═══ Dataset excerpt ═══

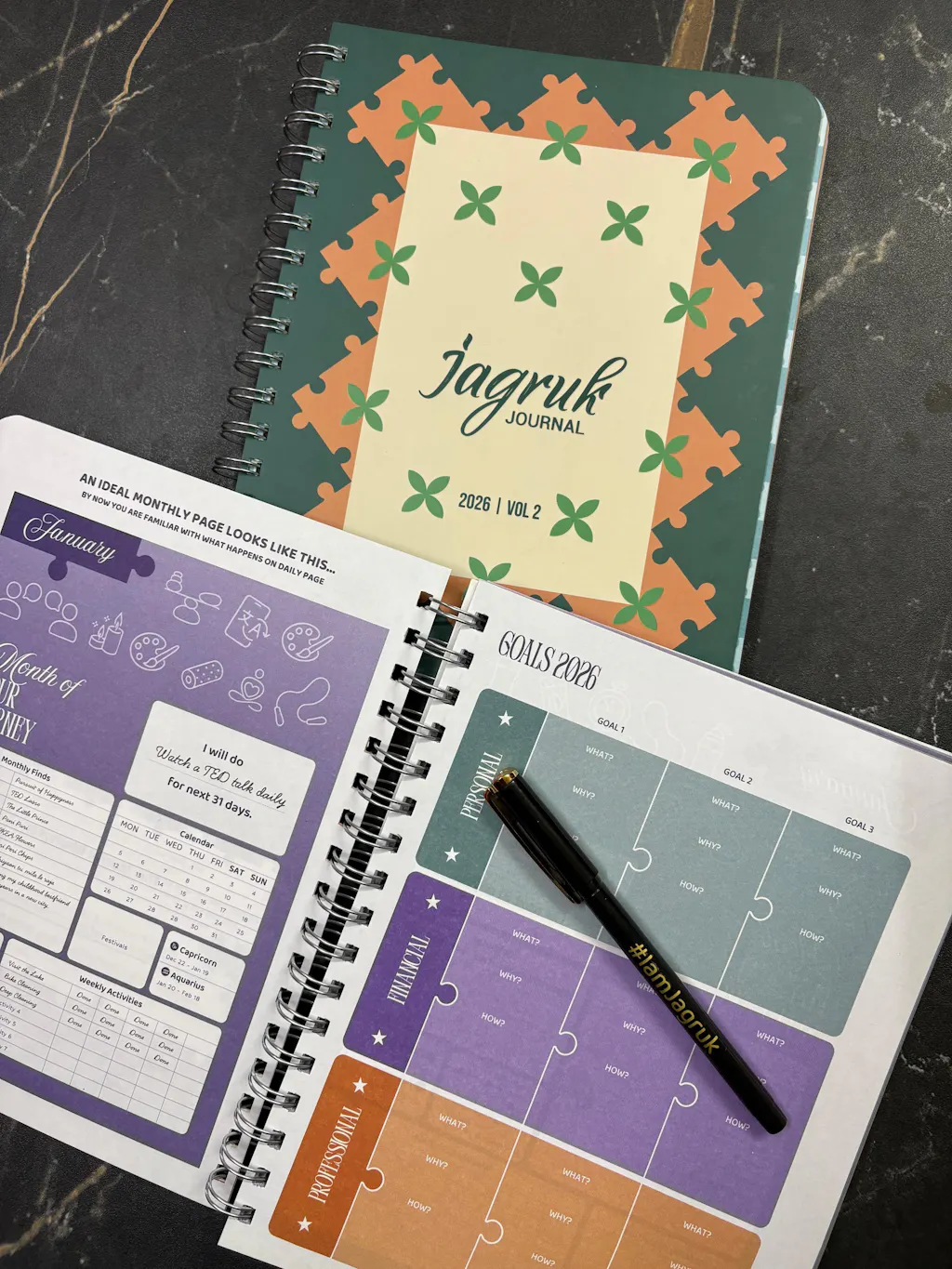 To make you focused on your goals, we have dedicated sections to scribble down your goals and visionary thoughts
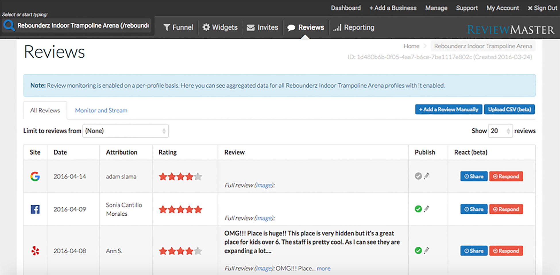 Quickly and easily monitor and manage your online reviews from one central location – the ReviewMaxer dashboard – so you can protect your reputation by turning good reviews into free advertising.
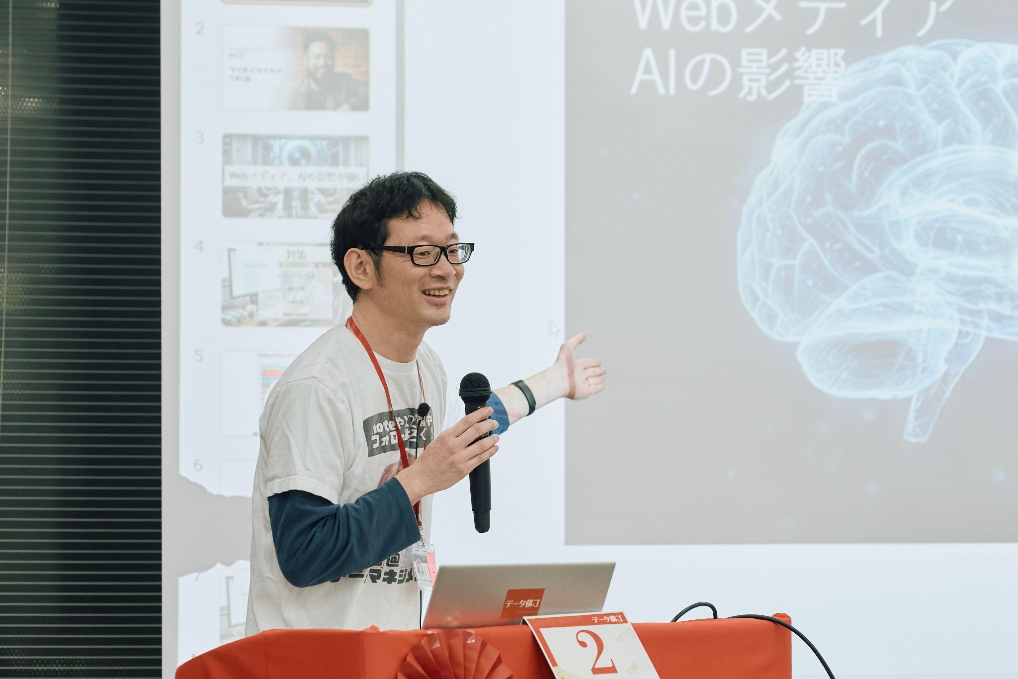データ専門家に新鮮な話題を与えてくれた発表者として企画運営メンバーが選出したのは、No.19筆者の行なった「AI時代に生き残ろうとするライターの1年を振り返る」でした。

═══

Each line from the one containing "Quickly and easily" through the last line of the listing is to be given again exactly, with no pictures and no other lines.

Response for this exercise>
 Quickly and easily monitor and manage your online reviews from one central location – the ReviewMaxer dashboard – so you can protect your reputation by turning good reviews into free advertising.
データ専門家に新鮮な話題を与えてくれた発表者として企画運営メンバーが選出したのは、No.19筆者の行なった「AI時代に生き残ろうとするライターの1年を振り返る」でした。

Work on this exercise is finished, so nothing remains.